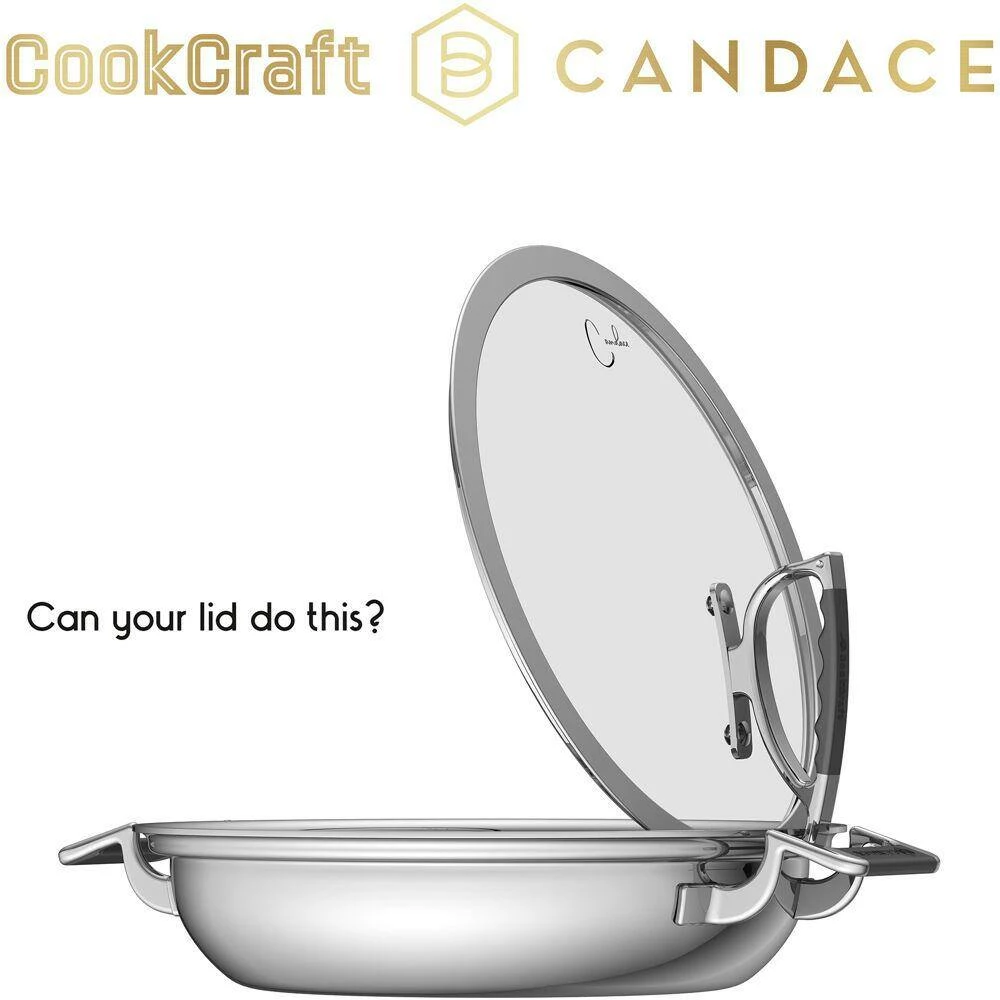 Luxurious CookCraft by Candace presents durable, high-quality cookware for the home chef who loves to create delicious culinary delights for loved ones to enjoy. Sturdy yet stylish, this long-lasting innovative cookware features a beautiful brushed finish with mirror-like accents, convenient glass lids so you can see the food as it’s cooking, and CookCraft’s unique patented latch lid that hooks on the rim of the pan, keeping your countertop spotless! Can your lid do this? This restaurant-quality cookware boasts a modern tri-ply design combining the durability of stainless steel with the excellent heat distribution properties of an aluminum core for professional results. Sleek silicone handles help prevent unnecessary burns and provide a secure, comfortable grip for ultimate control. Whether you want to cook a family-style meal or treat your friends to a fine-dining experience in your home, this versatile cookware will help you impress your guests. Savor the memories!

==============================

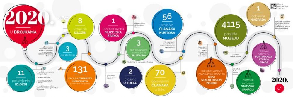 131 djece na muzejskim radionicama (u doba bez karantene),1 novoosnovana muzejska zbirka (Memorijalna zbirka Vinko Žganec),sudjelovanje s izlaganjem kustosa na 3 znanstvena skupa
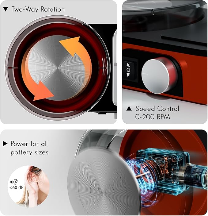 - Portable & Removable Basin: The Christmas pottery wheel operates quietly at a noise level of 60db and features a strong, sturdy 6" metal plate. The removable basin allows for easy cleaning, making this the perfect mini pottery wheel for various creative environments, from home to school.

==============================

■ **Activity**: Going by the entries above, repeat exactly the lines that start at the line with "131 djece na" and go on through the line with "- Portable &". Pictures are not part of the copy.

■ **Response to the task**:
 131 djece na muzejskim radionicama (u doba bez karantene),1 novoosnovana muzejska zbirka (Memorijalna zbirka Vinko Žganec),sudjelovanje s izlaganjem kustosa na 3 znanstvena skupa
 - Portable & Removable Basin: The Christmas pottery wheel operates quietly at a noise level of 60db and features a strong, sturdy 6" metal plate. The removable basin allows for easy cleaning, making this the perfect mini pottery wheel for various creative environments, from home to school.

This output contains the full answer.